Ese 5 de julio de 2010 daba el escopetazo de salida la “ley Aído”. Una ley que día tras día ha ido justificando la “interrupción voluntaria del embarazo” de 300 madres. O visto de otra forma, ha justificado el asesinato de 300 bebés al día simplemente por ser un derecho conseguido por la mujer. Una ley amparada por un sector autollamado progresista que lucha por la igualdad de oportunidades, pero que llama “monstruos” a seres que presentan discapacidad e igual que el mejor de los nazis, prefieren quitarlo del medio.
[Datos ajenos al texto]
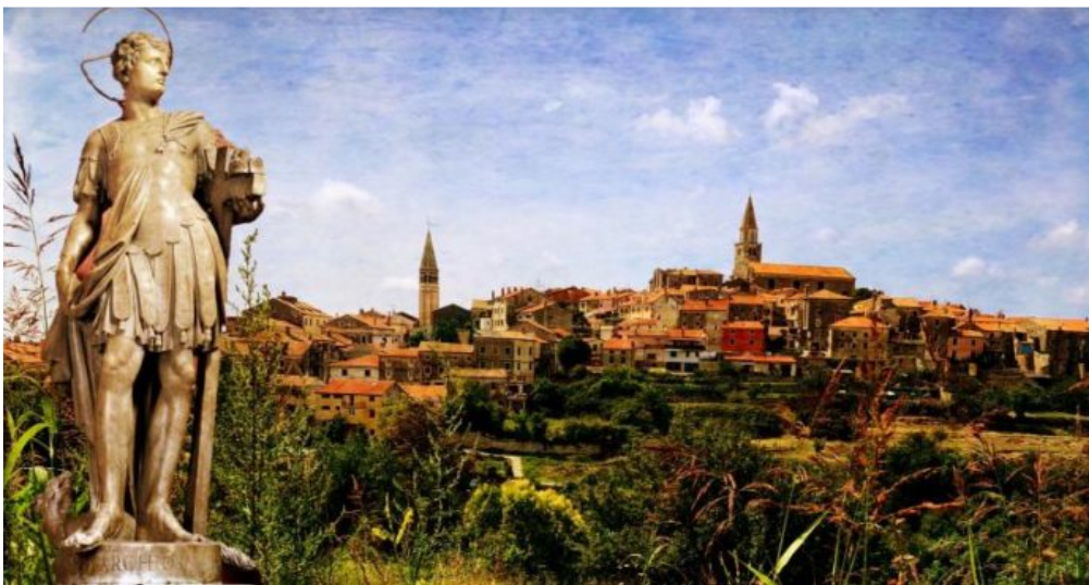
Foto 9: Buie e il suo patrono

Per San Servolo, sin dai tempi passati si mangiano i piselli (bisi), i carciofi e i “busolai”, tipico pane dolce. Da sempre le feste e le tradizioni popolari e religiose fanno parte del ricco patrimonio culturale popolare di Buie.

Una ley defendida porque es una ley que no obliga, cuando no da otra alternativa al 80 por ciento de las mujeres que presionadas por sus parejas o familias no ven otra solución. Una ley que aboga por un aborto seguro, pero la verdad del aborto es que aumenta la esterilidad y los abortos espontáneos en un 10 por ciento, los problemas emocionales suben del 9 al 59 por ciento, los embarazos extra-uterinos aumentan de un 0,5 por ciento a un 3,5 por ciento y los partos prematuros de un 5 a un 15 por ciento. Una ley que da hasta un período arbitrario de 12 semanas para abortar libremente, incluso si eres menor de edad sin permiso de sus padres, cuando de sobra es sabido que desde el momento de la concepción, no sólo hay vida, sino que es una vida única. Una ley que no mira más allá del aborto y no ampara el síndrome post-aborto que sufren las mujeres. Una ley de la que solamente se beneficia la industria “asesina” del los que practican el aborto.
Es decir, una ley injusta, que se olvida del inocente que no ha pedido nacer, y que cualquier reforma de ella seguiría siendo injusta, al menos que se derogue y se promueva una legislación que proteja la vida desde el momento de su concepción y una ley integral de apoyo a la maternidad.